Most privacy policies are in legalese, and hard experience has shown that what I, as a non-lawyer, think they say is quite often very different from what they actually say.

As a result, I gave up bothering to read them unless they're one or two paragraphs long. I simply assume they say what 90% of them really say: they can take any data they like, do whatever they like with it, and they can unilaterally change the agreement any time they want.


If something is free on the internet, there is a good chance you are the product.


And if you're paying for something on the internet, there is a good chance that you are the product.


for the most part, these days, if you're on the internet you are the product.


>Edison

Are there really no good open source email clients on iphones?


The app review process can be very time-consuming. I imagine this is at least part of the reason there are not more open-source apps on iOS.

Also, there's no way to change your default mail client, so that makes it somewhat less likely that we'd see someone develop one of these.


The HN title of this article, cf. the true title on the vice.com web page, fails to consider that this article is also about the companies that sell data derived from scraping the contents of email. Arguably the sellers are more interesting here as they are the ones doing the scraping and creating the market.

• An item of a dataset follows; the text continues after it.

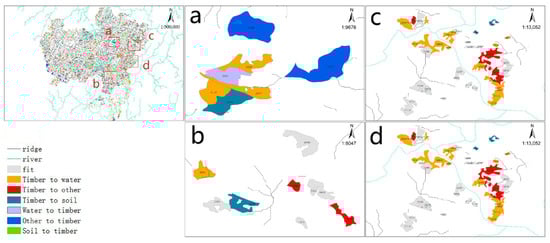 Spatial distribution of oriented functions of subcompartments. (a) indicates that the dominant function of the subcompartment is transformed from other ecological functions to wood functions, (b) indicates that the dominant functions of subcompartments are transformed from wood production functions to water and soil conservation functions, that of (c) subcompartments changes from wood production functions to water conservation functions, and (d) indicates that the dominant functions of sub-compartments transform from water conservation to wood production.
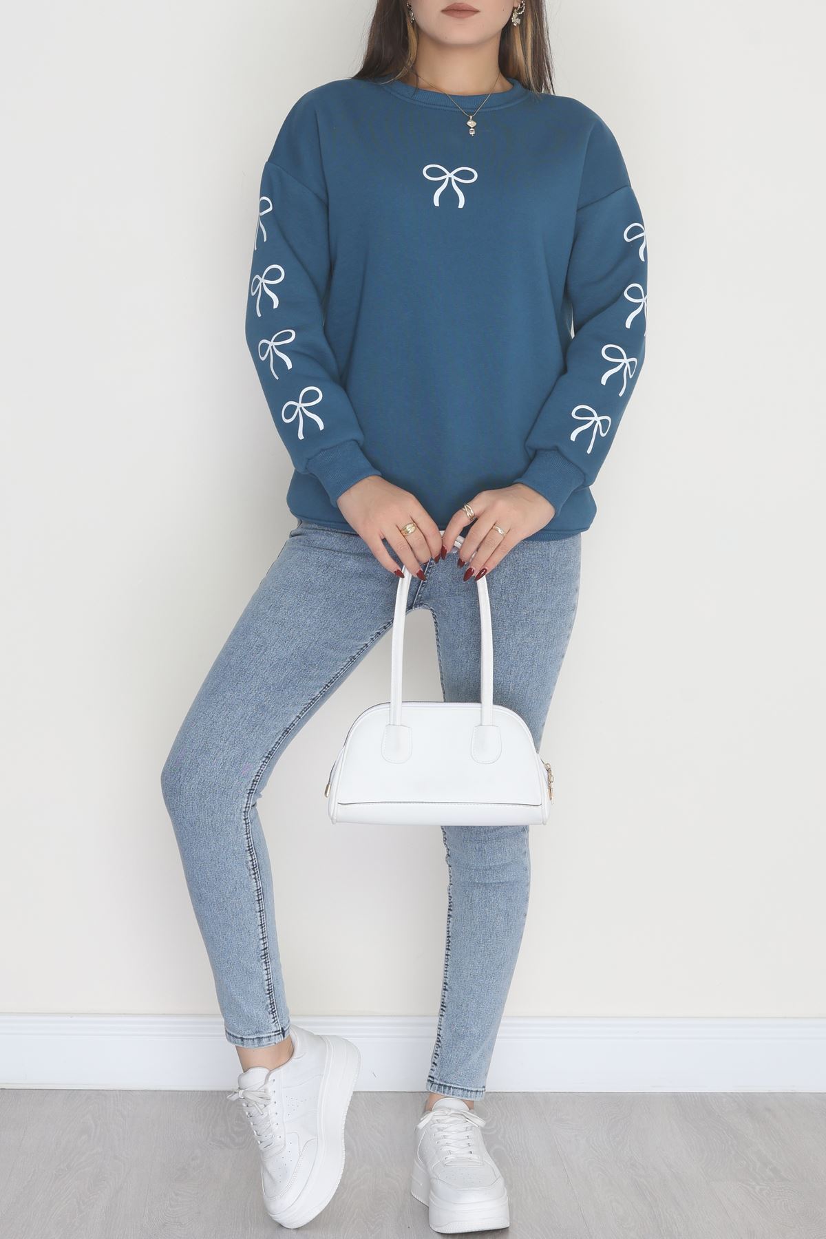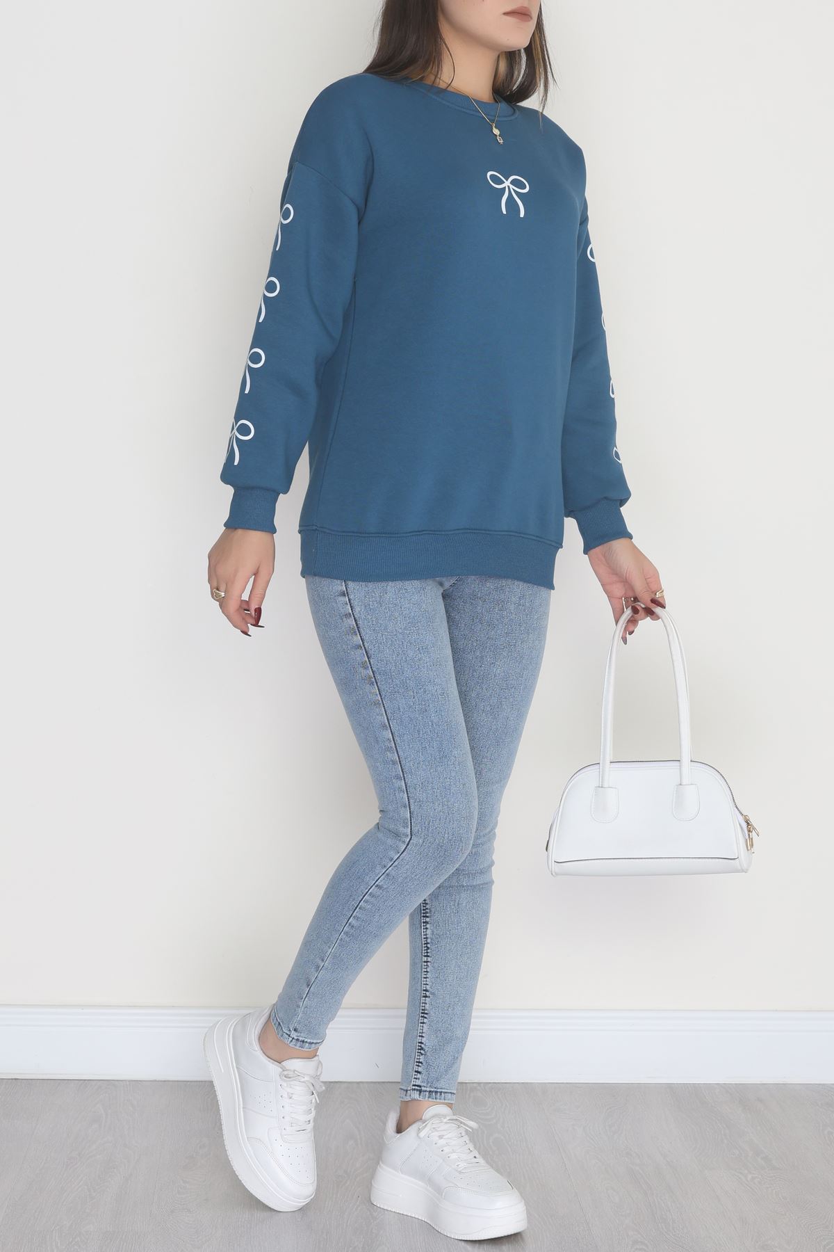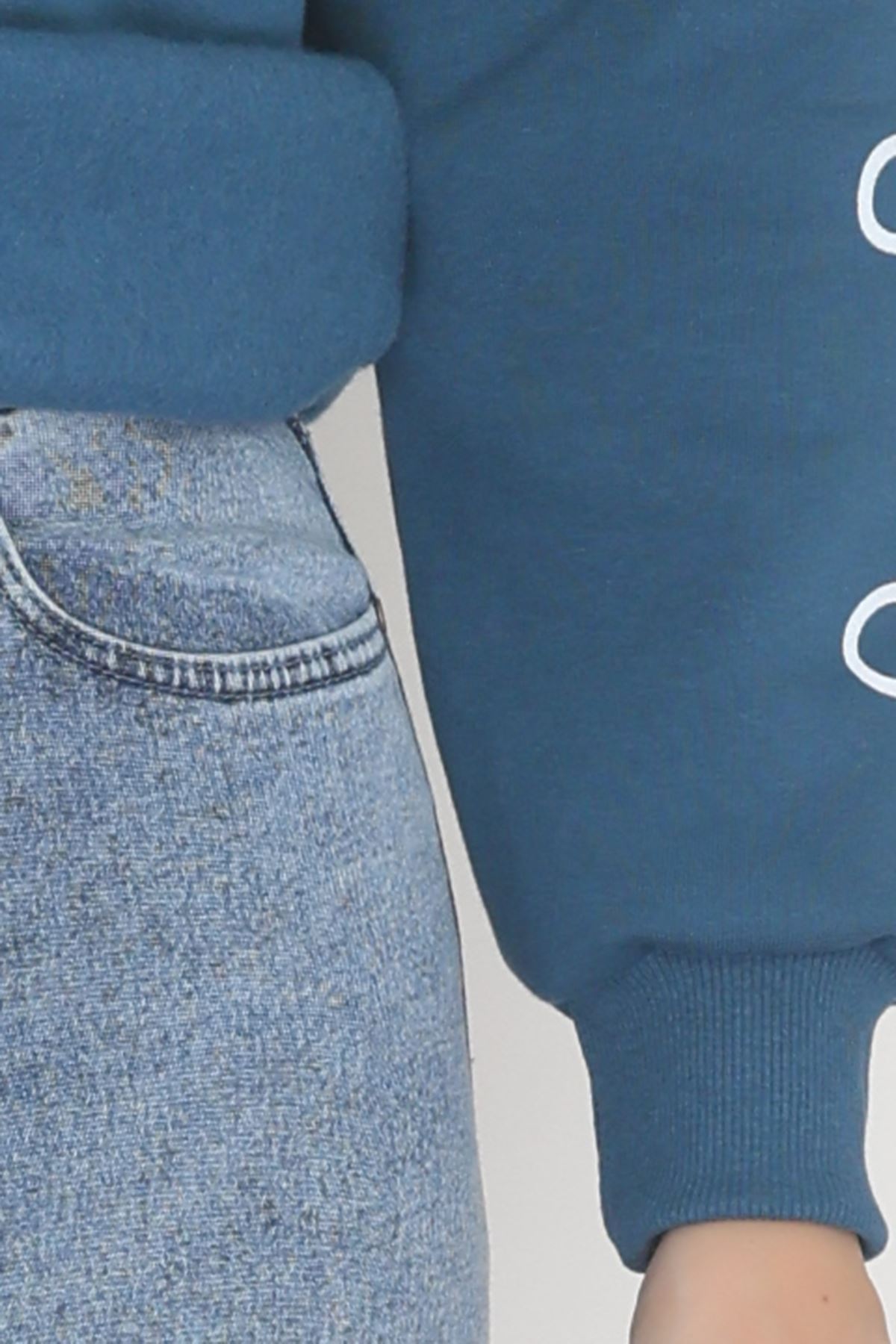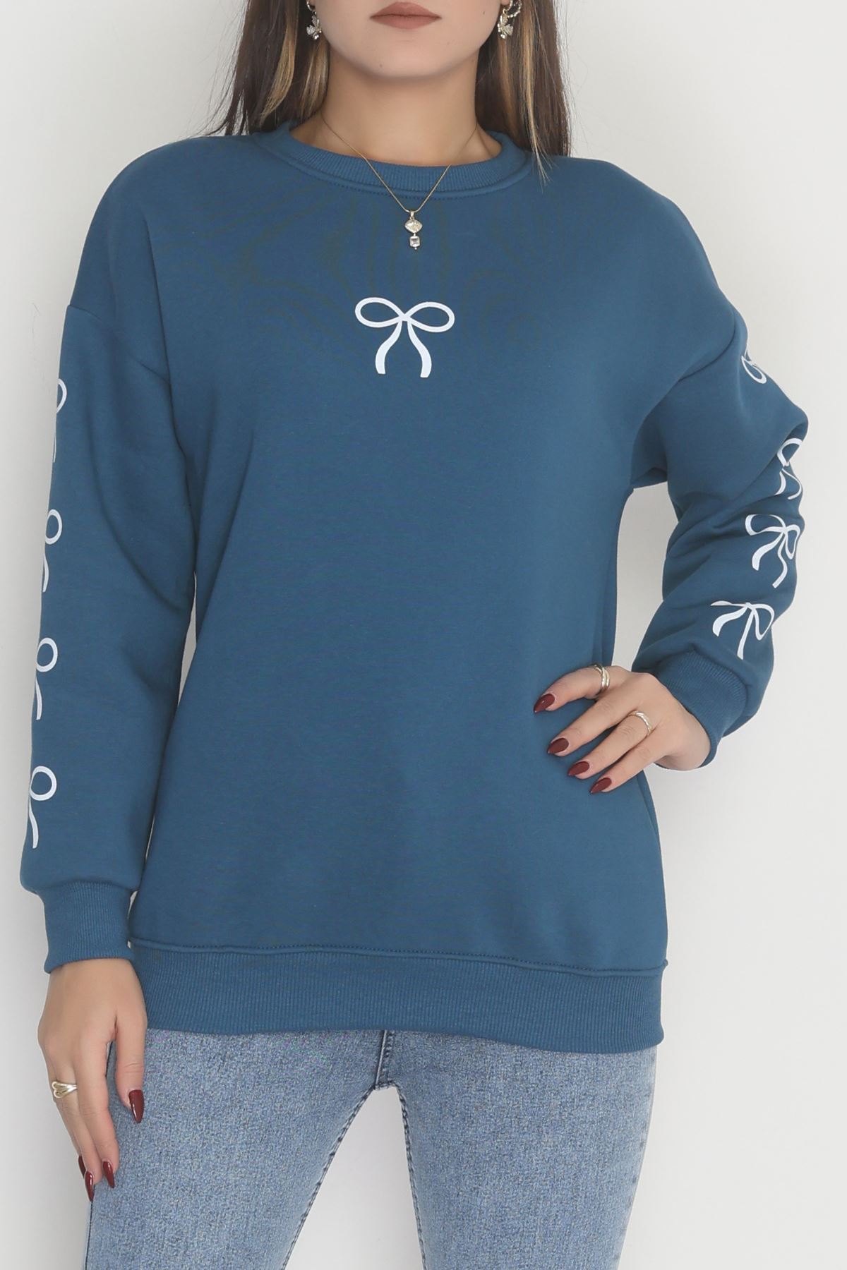 3 İplik Bisiklet Yaka Sweat Petrol - 42246.1878.

Someone changed the title. The original submission title matched the article title [1]. Feels like an intentional re-characterization to place the blame on the ones purchasing the data, as opposed to the ones harvesting and selling. This journalist is the same who exposed Jumpshot [2] for similar tactics (selling highly-sensitive user-level data), and a few days later the entire company (~230 employees) shut down.

I asked about a similar problem [3] on a "Who's Hiring" last week to a YC-funded company and dang was quick to detach that comment, as it was off-topic for the context of the thread.

[1] https://www.google.com/search?q=site%3Anews.ycombinator.com+...

[2] https://www.vice.com/en_us/article/qjdkq7/avast-antivirus-se...

[3] https://news.ycombinator.com/item?id=22229267


It seems it's time again for the reminder that if you aren't paying you are the product, not the customer. I don't understand how people don't understand this in 2020, after at least 2 decades of this nonsense. Or do they just not care?